The people who run the Trinity River Express, North Texas’ major commuter line, say it’s official – its trains will miss a federal deadline to have new safety equipment designed to save lives.
But despite the major delays, which threaten to shut down commuter traffic for thousands of passengers throughout the Metroplex, there are no plans to hold any individual managers accountable, officials said.
The TRE, which is operated by the Dallas Area Rapid Transit and Trinity Metro rail lines, will not meet the end-of-the-year federal deadline to have its trains equipped with Positive Train Control, or PTC, a sophisticated safety measure that can stop speeding trains and avoid head-on collisions.
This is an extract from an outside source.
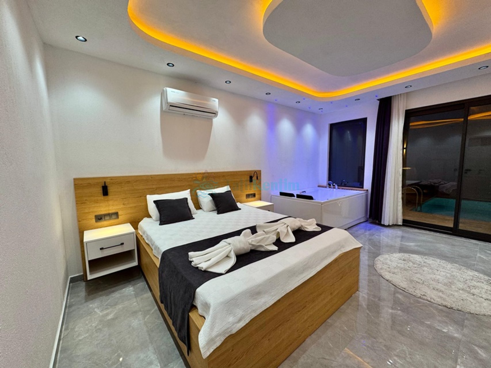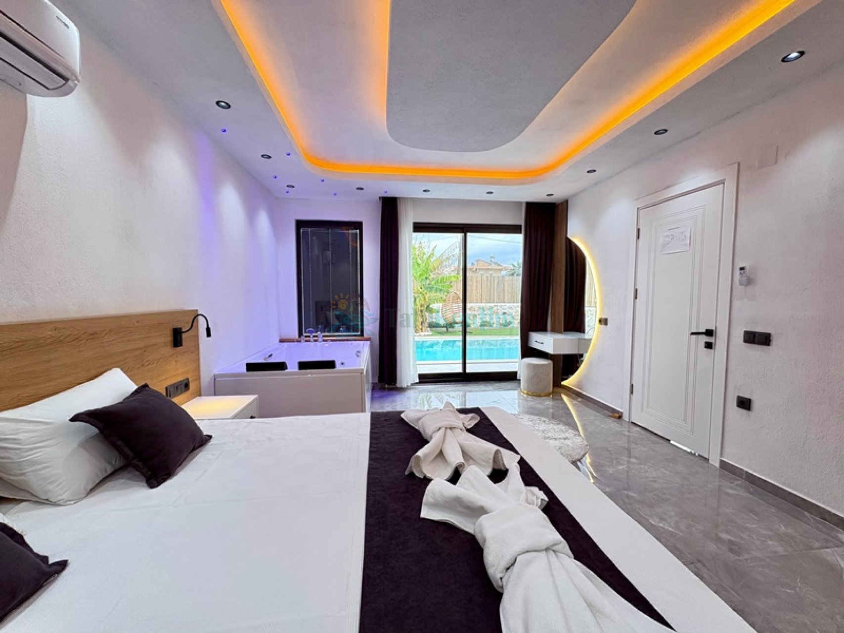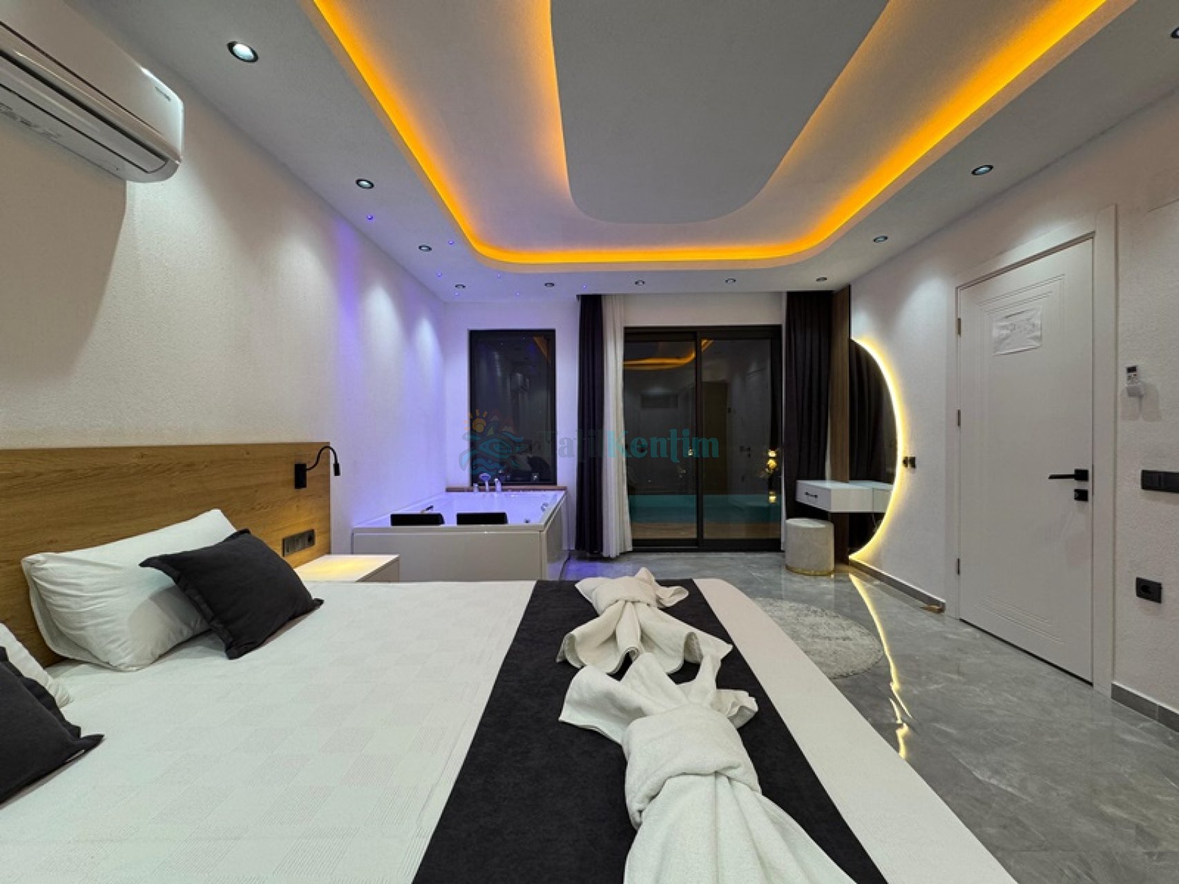 Yatak odası içerisinde, 1 adet çift kişilik yatak, klima, elbise dolabı, komodin, makyaj masası, jakuzi, banyo ve tuvalet yer almaktadır.

The deadline was set back in 2015.
Along with the potential of impacting thousands of commuters, Amtrak, which utilizes TRE tracks in North Texas, has said it may discontinue service next year on rail lines that are not PTC ready.
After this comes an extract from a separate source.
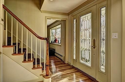 True curb appeal in "Prep neighborhood"- 5 bedroom colonial has it all. Where to begin-front to back living room w HW floor, gas insert fireplace, wall to wall awesome built in bookcase & beautiful crown molding. 8 Yr young kit w is sure to satisfy w granite countertops, high end ss appliances, classy full coverage wooden/glass door cabinets, & 4 stool center island in contrasting color. 6' Tall wall of windows in the sun drenched, front to back FR w skylights, cath ceiling, 2 set of sliders,1 leading to deck, sound system & magnificently landscaped yard. 1st Flr warm and inviting master bdrm suite has private bth w Waslet Toto hopper, closet, walk in closet, cath ceilings w skylight and loads of light from many windows. 1st Flr laundry closet in the master suite & second hookup in the lower level. 4 Upstairs corner bedrooms are good size w closet organizers. Bth up is bright & white w cath ceiling, skylight & closet. LL playroom is big! Central air, security sys,fabulous location.

“I think we are all concerned that we are not going to meet the deadline,” said Sue Bauman, board chairwoman for DART, which supervises the TRE.
Bauman told NBC 5 Investigates that there were no plans to hold any particular individuals responsible for the delays, opting instead to share the blame throughout DART, Trinity Metro and the TRE.
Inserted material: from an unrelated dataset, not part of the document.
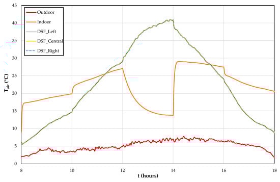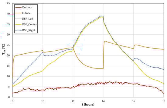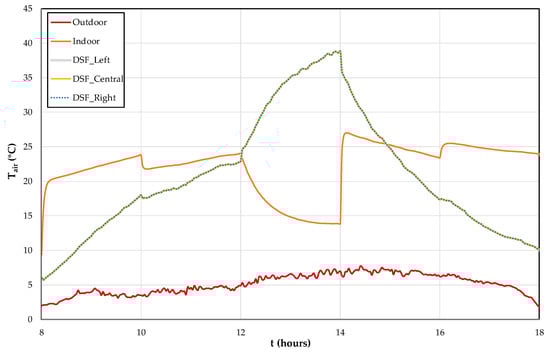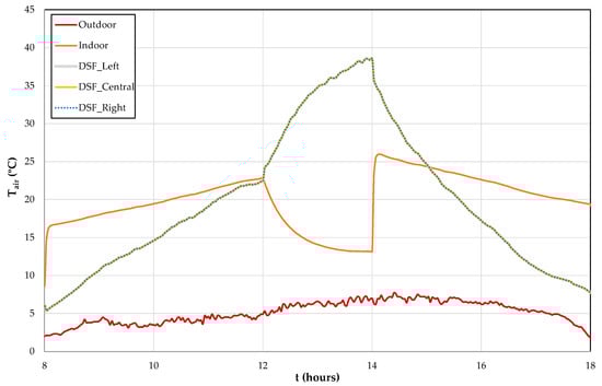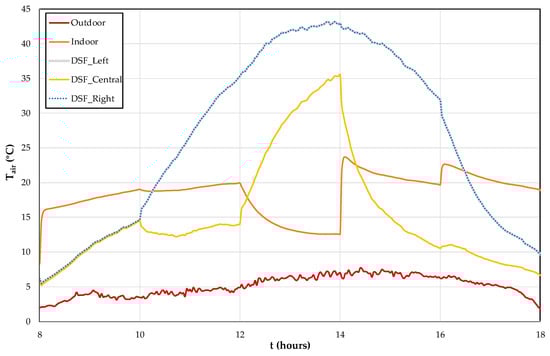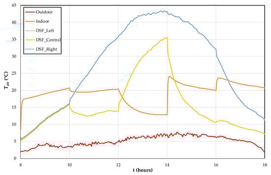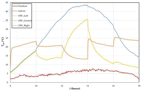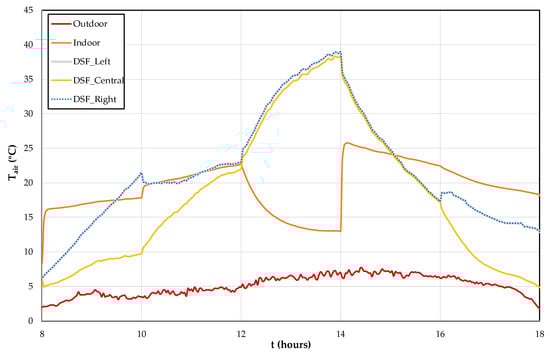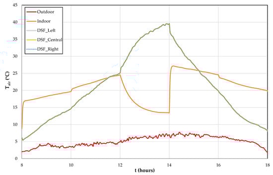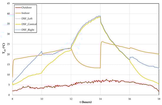 In general, the air temperature inside the DSF system increases during the morning period, then increases significantly during noon and finally decreases during the afternoon period. The increase is due to the solar radiation and the extra increase during noon is due to lack of ventilation.

“Are you saying, are we looking to blame someone … I think we are all accountable, if you want to know,” she said.
Bauman said much of the problem has been because one of the major vendors, Wabtec, has been overwhelmed by commuter lines throughout the country that need PTC equipment installed by the deadline, set by the Federal Railroad Administration.
“I’m not blaming the vendor because I think the vendor has just been overwhelmed with their delivery to all the people who need their product,” Bauman said.
Wabtec describes itself on its website as “a leading supplier of value-added, technology-based products and services for freight rail, passenger transit and select industrial markets worldwide.”
The company, based in Pennsylvania, did not respond to multiple requests for a comment.
Heightened safety laws for trains, including a federal mandate for PTC systems, came in 2008 following one of the worst rail crashes in history, between a commuter train and a freight locomotive in Los Angles.
Twenty-five people were killed and 135 were injured.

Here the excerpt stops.